6 Home Security Measures to Take After a Loved One’s Death

by | Mar 29, 2018

flowers on a casket in hearse

Home security should be the last thing on your mind after the death of a loved one. You are grieving, in shock and full of sadness and reminiscences about the life of the deceased. But the horrific reality is that predatory burglars are out there who specialize in violating the privacy of mourning families. These heartless crooks take advantage of people being too distracted by their loss to focus on home security.

A Tale of Tragedy Compounded By a Heartless Burglary

One of the hardest deaths for a human being to endure is the death of their child. That did not stop the burglars who viciously compounded the tragic loss of a Walnut Creek CA family. Heartless thieves smashed windows and kicked in a door at the family’s home while they were burying their son. Why didn’t anyone hear them and call the police? The entire community had been stunned by the accidental drowning death of the bright 16-year-old high school student. Hundreds of people, including the family’s neighbors, attended the funeral. No one was around to hear the break-in. The thieves counted on that.

Dazed by their sudden unexpected loss and uplifted by the outpouring of sympathy and support, home security was not on the family’s mind. The thieves counted on that too. The family and their remaining child returned home after the funeral to find their home burglarized. The break-in occurred between 10 am and 12:30 pm. The crooks stole the grieving family’s computers, television and jewelry.

Funeral Burglars Target Mourning Families

The heinous practice of “funeral burglars” targeting mourning families for home burglaries is unfortunately a nationwide occurrence. During a recent year, the website Vice counted at least 50 cases in 15 different states. Sometimes it is the homes of next of kin that are burglarized. Sometimes, especially in the case of the passing of an elderly person, it is the home of the deceased.

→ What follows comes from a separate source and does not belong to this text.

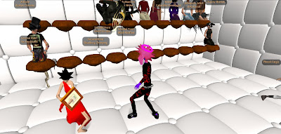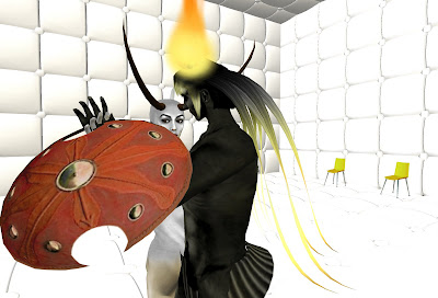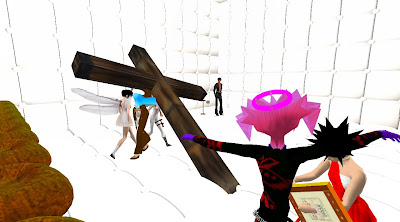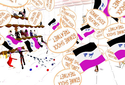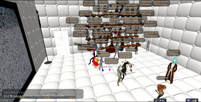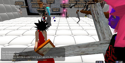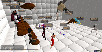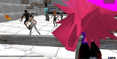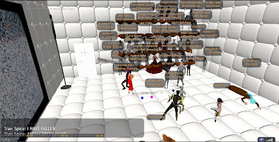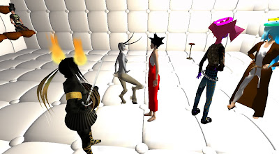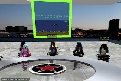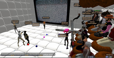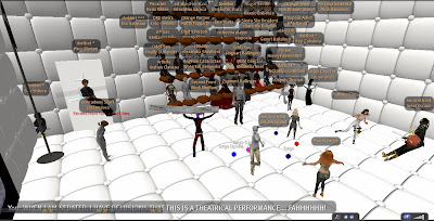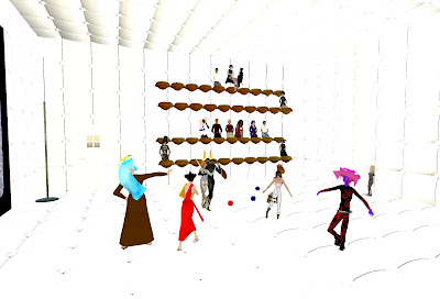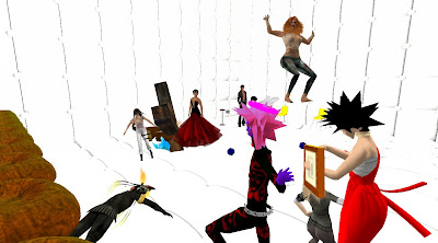 Only days after the Grand Theft Avatar performance, a freak mishap claimed the lives of SF'ers Wirxli FlimFlam and AliseIborg Zhaoying. During a rehearsal for |SL5B, a 10m anvil was accidentally dropped that was not set to "Phantom" and smashed them to bits (or bytes, or pixels). A virtual memorial was held with SF & friends in attendance, Bit from Tron, MegaByte from ReBoot, and Buzz Lightyear.
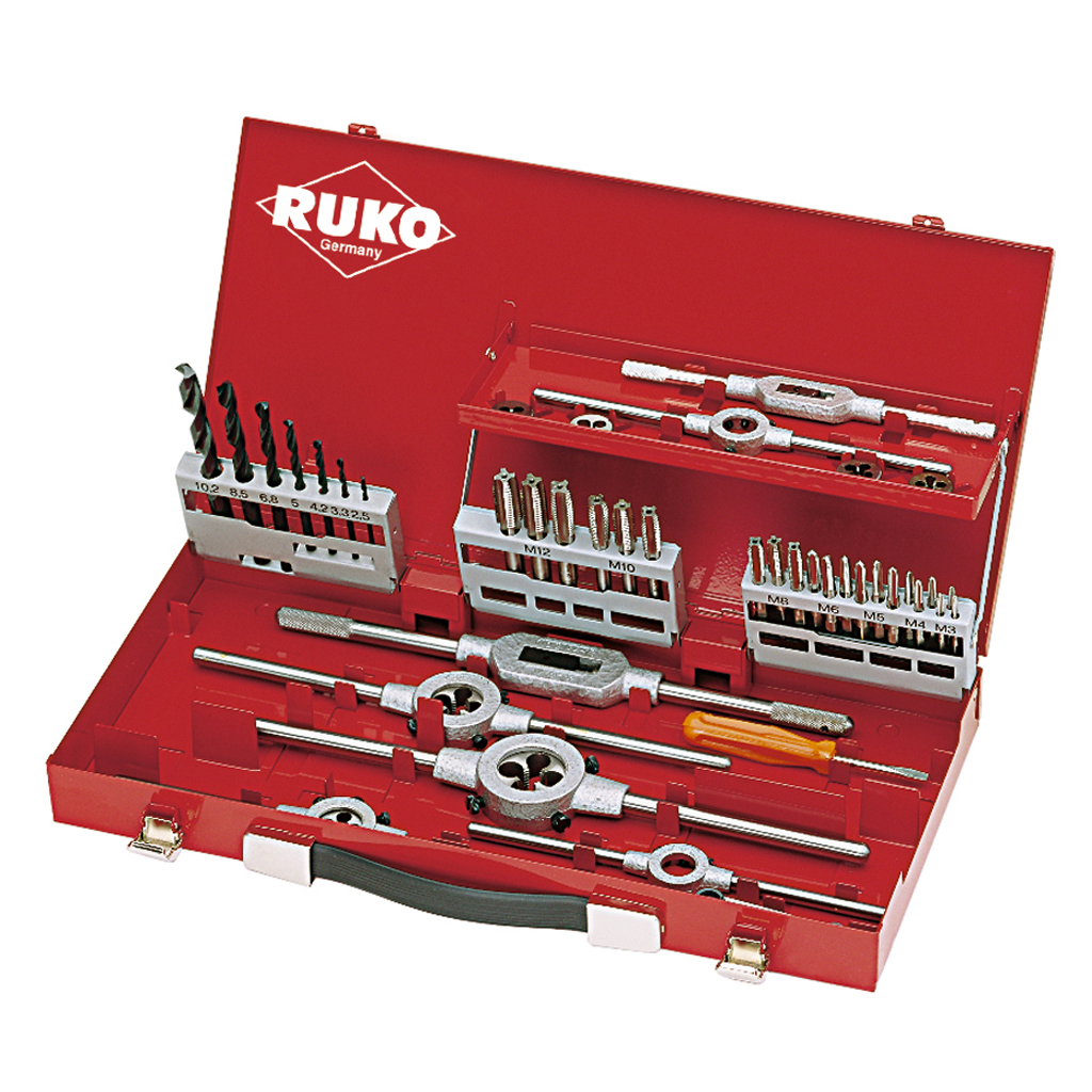 RUKO kierretyökalusarja M3-M12 44-os. Monipuolinen laadukas RUKO kierretyökalusarja 40-osainen HSS hiottu, M. Valmistettu HSS-G -teräksestä, joka takaa erinomaisen suorituskyvyn. Sarja... Lue lisää

Recently in Fairview Heights IL, an elderly World War II veteran’s Purple Heart award was stolen along with other items when his home was burglarized during his funeral.

“I’m at a loss for words, I just can’t conceive with anybody doing this,” said a family friend outraged by the lack of respect for the family and for veterans.

In some instances, families already grieving from loss are so traumatized by burglary that they move out of the house.

Obituary Announcements Provide Burglars with Information

Police say the thieves find families to rob by using obituaries. These published announcements often reveal the deceased’s full name, their hometown, and the date and time of the funeral. Using additional sources, funeral burglars use the deceased’s name to pinpoint their home address.

Some sophisticated criminals have their home computers set up to notify them of online obituary announcements in the area. Others rely on simpler methods. When police in Smithville MO arrested a 35-year-old man suspected of ransacking eight local homes while the occupants were attending family funerals, they found a hand-written note listing dates and times gleaned from obituary notices copied from the local newspaper.

The challenge is how to inform friends and neighbors who would want to come to someone’s funeral without exposing your home or the home of a lost loved one to risk.

Take Steps Now to Protect Your Home From “Funeral Burglars”

Making funeral arrangements is difficult. Unfortunately, it is important to also consider home security as part of the plans. Here are some options for steps you can take:

  1. Ask a trusted friend or neighbor to forgo the funeral and housesit for you instead.
  2. Install a home security system and make sure to turn it on before you leave the house. And make sure it is not a system that relies on your phone. You will not be checking your phone during a loved one’s funeral.
  3. Hold a private burial or cremation ceremony. Publish an announcement of a memorial service only after the deceased’s home has been emptied and rented or sold.
  4. State clearly in an obituary that funeral services have already been held.
  5. Use a website like Lotsa Helping Hands to help you screen who gets information.
  6. Discuss your concerns with the funeral home and insist on no specifics be given about the funeral in any online or print media obituary. People who care will contact you.

If possible, make home security planning part of any pre-needs funeral discussion you have with family and friends about death and dying. Consider it an act of kindness to protect your loved ones from being burglarized during a difficult time when they will be very vulnerable.